As submissions are due on Thursdays, but reporting weeks (i.e., the week definition used in RKI's surveillance data) are from Monday through Sunday, we require a convention on how to index the weeks:
- The Sunday preceding the Thursday of submission is horizon 0 and is usually a nowcasting task (i.e., statistical correction of data points which already exist, but may still be subject to revisions).
- The Sunday following the Thursday of submission is horizon 1 and usually a forecasting task (i.e., prediction of data points which are not even partially known).
- The Sundays of previous weeks, indexed by horizons -1, -2,-3 correspond to further nowcasting tasks.

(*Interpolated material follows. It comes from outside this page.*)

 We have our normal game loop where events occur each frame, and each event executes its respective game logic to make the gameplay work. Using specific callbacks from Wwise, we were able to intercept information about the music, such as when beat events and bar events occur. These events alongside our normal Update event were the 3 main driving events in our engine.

Due to the definition of our nowcasting targets (see Section Targets) nowcasts should be submitted back until horizon -3.

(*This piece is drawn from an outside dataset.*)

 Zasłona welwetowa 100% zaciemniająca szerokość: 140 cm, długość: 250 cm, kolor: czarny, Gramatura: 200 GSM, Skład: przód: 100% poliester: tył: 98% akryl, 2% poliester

- The Sundays of following weeks, indexed by horizons 2, 3, ... correspond to further forecasting tasks. Forecasts are typically only feasible a few weeks into the future and we are not planning to display forecasts more than 4 weeks into the future (more likely focusing on 2 weeks ahead).
Note that for some data sources (notably SurvStat) the data set available on Thursday already contains partial data for the ongoing week, i.e., contains a strongly incomplete data point which we label with the date of the following Sunday. Horizon 1 can then be treated like a nowcasting problem, even though the target_end_date is in the future.
In previous work on COVID-19 hospitalization nowcasting (see discussion in Wolffram et al 2023) we realized that there can be pitfalls in defining the exact prediction target in a nowcasting exercise. The reason is that data revisions can in principle continue indefinitely and it is unclear which later version of the data represents the actual target and should be used for evaluation. To ensure the well-definedness of the modelling task we therefore limit the maximum time over which data can be corrected. For all targets we will consider the data as published 4 weeks after the respective Sunday as final (or, to be more precise, the data published on the Thursday 4 weeks and four days later). Nowcasts are thus only necessary for horizons 0 through -3 weeks. Note that this definition also applies to forecasting targets. Here, too, the goal is to predict, what the data will look like after four weeks of time to stabilize.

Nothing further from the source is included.